Open a new terminal/console window and change directory to the tool folder. Remember the tool used to create and insert sample data into the Azure Table. Use that same tool to watch incoming logs from your Tessel by running:
> node wt read
Be aware: you have to set the Environment Variables: AZURE_STORAGE_ACCOUNT and AZURE_STORAGE_ACCESS_KEY to the name of your storage account and the access key to that storage account respectively again in a new terminal/console window
Expirement with the server side code as well as the Tessel code and make sure you understand the flow.
- Use several Tessel devices and have them connect to the same Mobile Service. Update the code on the server side so that each of the connecting Tessel devices gets a different storage account to connect to.
- Implement a solution where you can ban specific Tessel Devices if they get too aggressive with uploading data.
- Implement a service that returns the average temperature per device and day
You have:
- Created an Azure Storage Account and Table
- Created a service, hosted on Azure Mobile Services, that provides configuration and authentication to the Tessel.

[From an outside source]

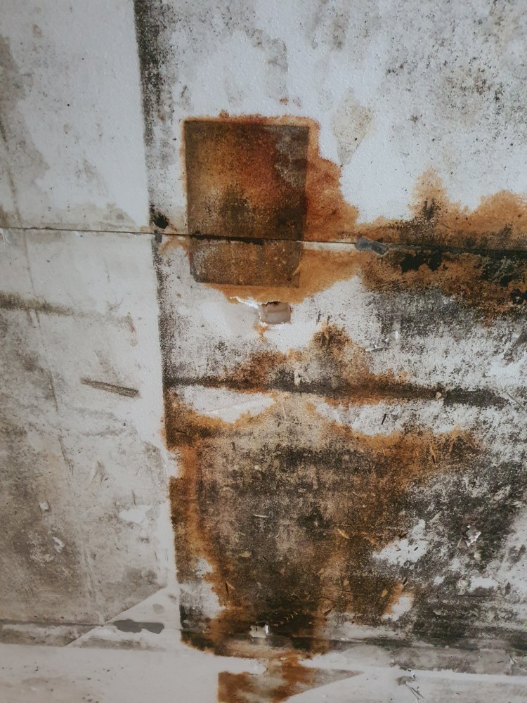 일단은 외부로부터의 유입이고, 바닥은 가운데에 자국이 있는 것은.. 해당 부위가 가장 낮아서 그런 것일 뿐, 외벽 쪽으로의 유입이 맞아 보입니다.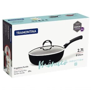 Frigideira Funda Tramontina Mônaco Induction Starflon Premium Preto Com Tampa 24cm A Frigideira Funda Tramontina Mônaco Induction em Alumínio com Revestimento Interno e Externo Antiaderente Starflon Premium Preto com Tampa de Vidro 24 cm de diâmetro 2,7 L é a escolha ideal para garantir o sucesso das suas receitas! Desenvolvida em alumínio com revestimento antiaderente Starflon Premium, características que juntas, evitam que os alimentos grudem em sua superfície, as torna mais durável e não prejudicial à sua saúde. Ela acompanha tampa de vidro temperado com bordas em aço inox e saídas de vapor que facilita o preparo dos alimentos e proporciona a visualização sem a necessidade de abrí-la. Seu cabo é metálico com proteção de silicone e reduz a propagação de calor, aumentando a segurança e melhorando seu manuseio. Além disso, ela possui espessura especial de 3 milímetros, que proporciona o cozimento de maneira uniforme e rápida. Com a Tramontina, você tem os melhores itens para sua cozinha! Recomendações de Uso: A capacidade volumétrica máxima para cozimento é de 3/4 da capacidade total da peça. Posicione os cabos dos utensílios voltados ao centro do fogão.Em fogões com grade, centralize a peça e alinhe o cabo com a grade. Utensílios quentes devem estar fora do alcance das crianças.Este produto não pode sofrer modificações. Antes do primeiro uso, lave com esponja macia, sabão neutro ou detergente líquido. Depois de secar, unte a área interna com óleo ou gordura e leve ao fogo por um ou dois minutos. Deixe esfriar e lave novamente. Seu utensílio Starflon está pronto para uso com ou sem gordura, sempre em fogo baixo ou médio (nunca superior a 350C). Para mexer os alimentos use somente utensílios de silicone, nylon ou madeira. Evite a imersão do utensílio quente em água fria. Nunca utilize produtos abrasivos na lavagem. Se deixar queimar alimentos, umedeça a área e reserve até que possa remover os resíduos grudados com esponja e sabão.Para descarte dos produtos e embalagens siga as orientações de reciclagem vigentes.Este produto não necessita de manutenção, apenas limpeza. Informações Adicionais:

- Create a program on your Tessel that retrieves the configuration from the service and directly connects to Azure Table Storage to write data
By accessing Azure Tables directly we offload very much of the traffic that otherwise would have gone through your own custom API. We’ve also shown that with the correct keys, Azure Table Storage can be an optimal solution to your ever growing storage needs for structured data.
Go ahead and play around with the solution. Tweak it, extend it, use it in a bigger context. Have fun!